Robinson and Wagner give us a stand-alone story wherein another Terminator was sent back to 1984 at the same time the T-800 was sent back for the first movie. This one is female and has been tracking Sarah Connors and instead of centering in on Linda Hamilton’s character, she finds one who at this point is on her honeymoon in San Francisco with her new husband, Alex. Intriguingly, she’s a bit of a scam artist because she and a lover of hers are plotting his death so that she can inherit his wealth. It all comes to a head when the Terminator attacks their hotel with a man from the future named Eugene Ruggles showing up to help take down the Terminator.

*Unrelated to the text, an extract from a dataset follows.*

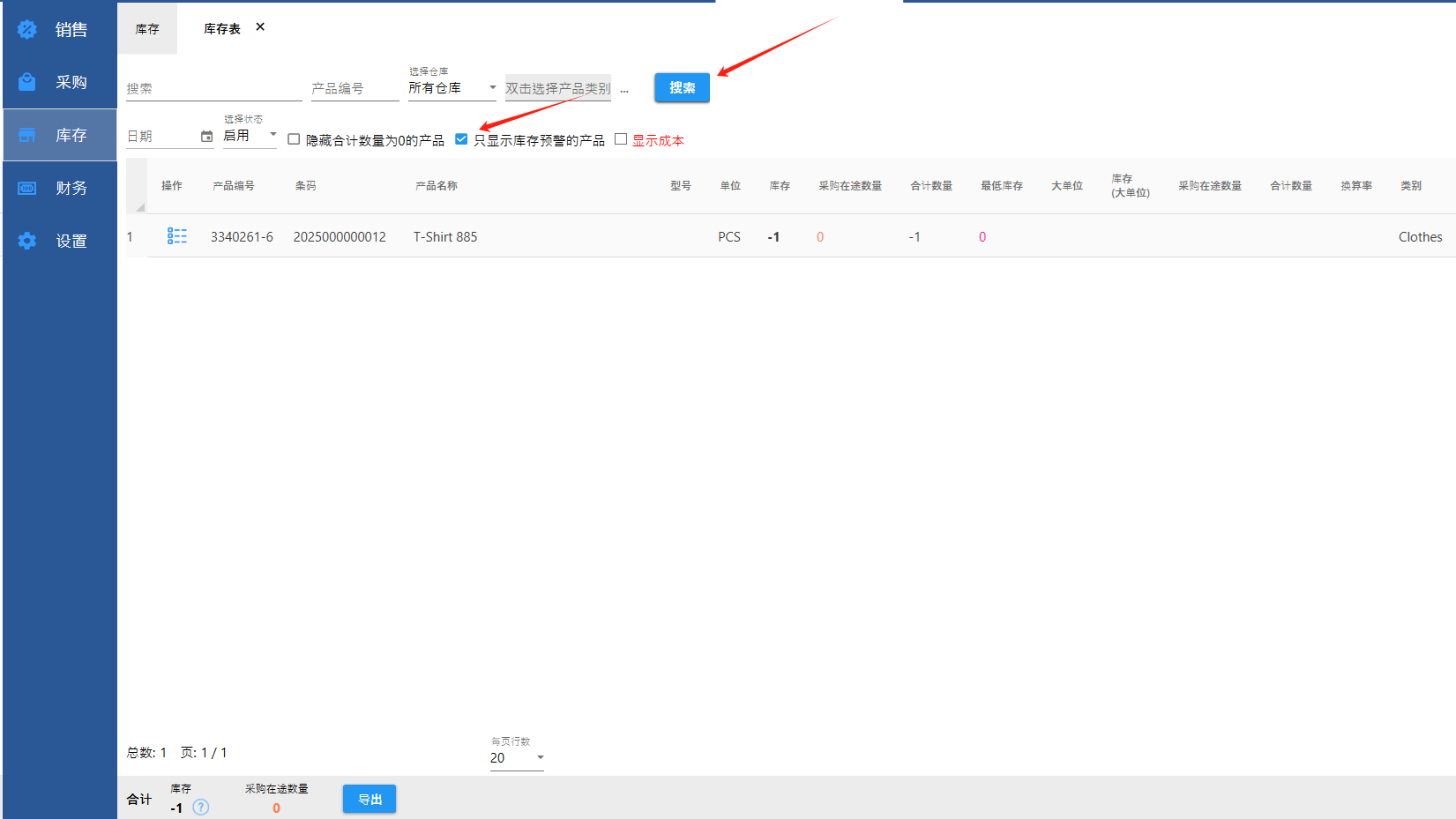 ,然后单击搜索按钮,可以查看哪些产品低于最低库存,需要及时补货(可以导出Excel)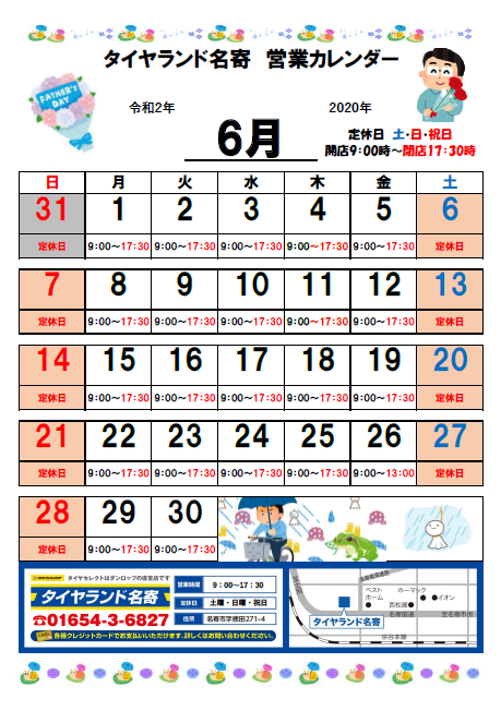 今月、6月は土曜日と日曜日が定休日となります。

I’m hot and cold on James Robinson because while I really enjoy a number of his works, there are unspeakable acts of comic carnage that he is responsible for (and I will not elaborate further). I do love Matt Wagner’s art, though, and Wagner is a great artist for this story. The two blend the action and horror elements of the film with a bit of noir and some humor, giving a story that would have definitely been worth the $5.95 you would have paid for it back in 1991 (I guess Professor Alan would call this a “quarter bin steal”?). In fact, I think the only downside to this book is the weird gimmick it has, which is a pop-up.
No, really. At one point, the police have a blockade set up to catch the Terminator. She has stolen a motorcycle and comes right at them, jumping them and firing in midair. When you turn to pages 34-35, the top panel is a double-page one of the Terminator flying in on her bike and firing her gun, and she is the “pop up” piece, coming out above the page. It makes the book a little hard to flip through and while the art is good, it’s a really silly gimmick.
Ah, the Nineties.
But that’s a small quibble with a book that I thoroughly enjoyed. I don’t think that I would pay very much for this if I saw it in a back issue bin, but maybe that’s because I’m spoiled from getting it for a quarter. Still, if you manage to see this on the very cheap, definitely snatch it up.
This is going to get piled into my “wait for the verdict when I finish the books” directive here, and I have to say that I’m tempted to keep it despite what I do with the rest of the Dark Horse Terminator comics, especially since it can go on my trades and graphic novels shelf as opposed to sitting in a shortbox.